Publié par : quebecsocialiste | 31 juillet 2010

Réponse aux attaques d’Éric Duhaime contre le PCQ

Éric Duhaime et son « fan club » : une bande de trolls selon la définition internet du terme

Ainsi donc, il semblerait qu’Éric Duhaime, du Journal de Québec, ait remis ça : dans son tout dernier article, Duhaime s’en prend une fois de plus à la personne d’Amir Khadir et à sa famille, utilisant cette fois-ci les liens du père, Jafar Khadir, avec le PCQ afin de se rapprocher de son ambition de renverser la popularité d’Amir Khadir en faisant des amalgames douteux avec les pires tyrans de l’histoire de l’humanité. C’est donc à grand coup d’épouvantails nommés « Staline, Mao et les Khmers rouges » que Duhaime espère faire passer Amir et Québec Solidaire pour de dangereux ennemis de la liberté d’expression… Seul petit problème : le PCQ supporte la liberté d’expression et la démocratie participative, et condamne tous les régimes autoritaires et totalitaires s’étant hypocritement réclamés du communisme durant le dernier siècle. Éric Duhaime, lui par contre, en tant que conservateur d’extrême droite, a des croûtes à manger pour pouvoir parler avec crédibilité des crimes commis par des régimes se réclamant de l’autre camp, tel que démontré dans ma précédente réponse. Donc, sans vouloir me répéter, un petit rappel de deux paragraphes s’impose :

« Aussi, tenter de mêler un élu de gauche à Saddam Hussein et aux Talibans (la mention de l’OLP aux côtés des deux autres ne servant ici qu’à diaboliser le support à la lutte légitime du peuple palestinien dans l’esprit du lecteur), surtout venant d’un chroniqueur conservateur, est le summum de l’hypocrisie : la gauche à travers le monde dénonçait déjà ces deux régimes criminels à leurs débuts, soit à l’époque où la droite les supportait encore! Pour l’information générale, un peu d’histoire s’impose : le régime de Saddam a été placé au pouvoir après un coup d’état supporté par la CIA et les services secrets britanniques. Alors que le régime de terreur de Saddam commettait ses pires atrocités dans les années ’80, les États-Unis envoyaient sans gêne mitraillettes, grenades, munitions, véhicules blindés, informations stratégiques, et de l’argent pour acheter des armes russes et des produits chimiques à l’Allemagne de l’Ouest, dont de l’anthrax et les composants du tristement célèbre gaz moutarde. Saddam Hussein était considéré comme un « ami » par l’administration de Ronald Reagan. Ce lien, lui, n’est pas imaginaire et ne découle pas d’amalgames douteux.

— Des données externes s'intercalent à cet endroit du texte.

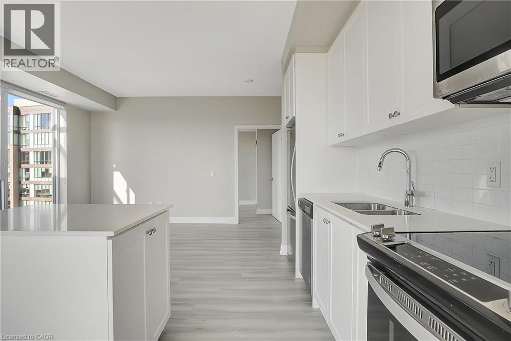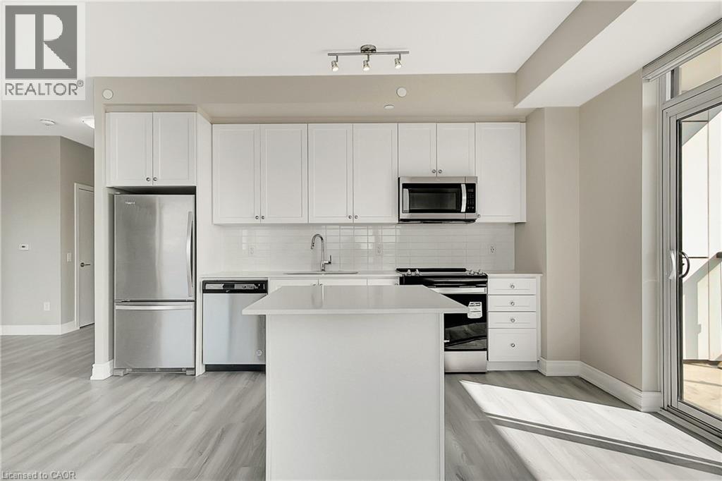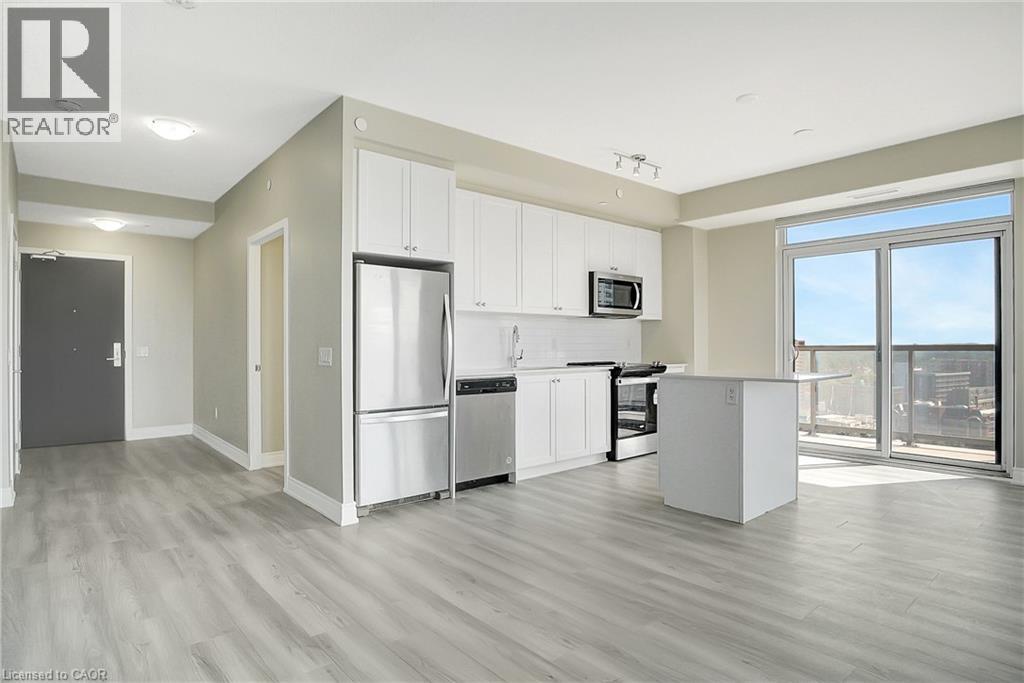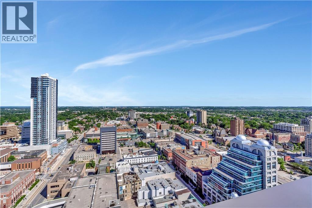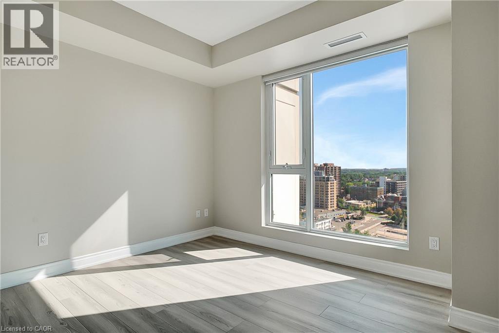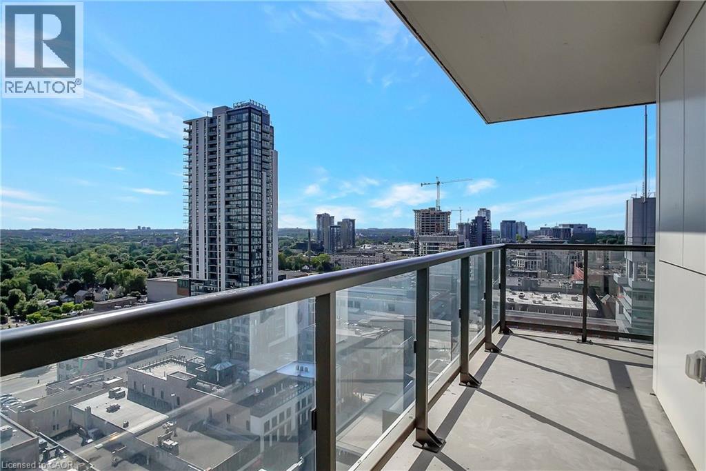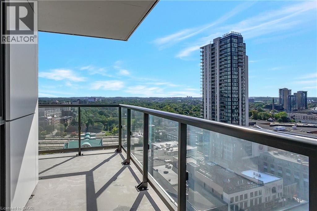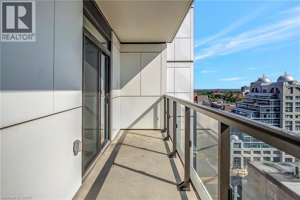 Experience elevated downtown living in this beautifully designed 2-bedroom, 2-bathroom condo in the heart of Kitchener. Offering 1,163 sq. ft. of bright, thoughtfully planned living space, this spacious unit features large windows that fill the home with natural light and showcase sweeping city views. The modern kitchen is both stylish and functional with quartz countertops, ample cabinetry, and a layout that flows seamlessly into the open living and dining areas, creating a comfortable space for everyday living or entertaining. Step outside to the impressive wrap-around balcony, providing plenty of room to relax and enjoy the skyline from multiple vantage points. Inside, upgraded flooring adds a polished feel throughout the unit, while the primary bedroom offers a well-appointed ensuite with a spacious walk-in shower. Ensuite laundry and a dedicated parking space add to the convenience. Located in one of Kitchener’s most connected neighbourhoods, this home places you just steps from the LRT, City Hall, Google, and the region’s thriving tech hub, along with an incredible selection of restaurants, cafés, and shops. Victoria Park is also nearby, offering beautiful green space and year-round events. Residents enjoy a wide range of amenities including a rooftop jogging track, fully equipped exercise room with spin bikes, outdoor yoga space, dog wash station, third-floor sun terrace, and a shared BBQ area. A fantastic opportunity to enjoy modern condo living in the centre of it all. (id:50787)

Pour ce qui est des talibans, à l’époque où les russes ont envahi l’Afghanistan pour les mêmes raisons officielles que l’OTAN d’aujourd’hui, soit pour soutenir un gouvernement allié et apporter sécurité et modernité au pays, la CIA a déversé des milliards de dollars pour financé l’entrainement et l’armement de divers groupes fondamentalistes hostiles à l’égalité homme-femme et aux interférences étrangères dans leur pays et leur région (ces groupes n’étaient pas tous afghans). Parmi ces groupes réactionnaires afghans figurait l’obscur mouvement des Talibans. Il est à noter que les russes avaient au moins réussi, à l’époque, à instaurer l’égalité homme-femme et à rendre l’école accessible pour tous, y compris les jeunes filles. Washington et l’OTAN ont tout fait pour démolir ce progrès apporté par « l’empire du mal », et ont consciemment gardé l’Afghanistan dans la misère pendant des années, Washington étant même allé jusqu’à reconnaître le terrible « gouvernement Taliban », que les USA supportèrent à coup de million$ jusqu’au 9/11…  Le cerveau derrière la victoire des islamistes en Afghanistan contre les russes était un certain agent de la CIA saoudien nommé Oussama Ben Laden… »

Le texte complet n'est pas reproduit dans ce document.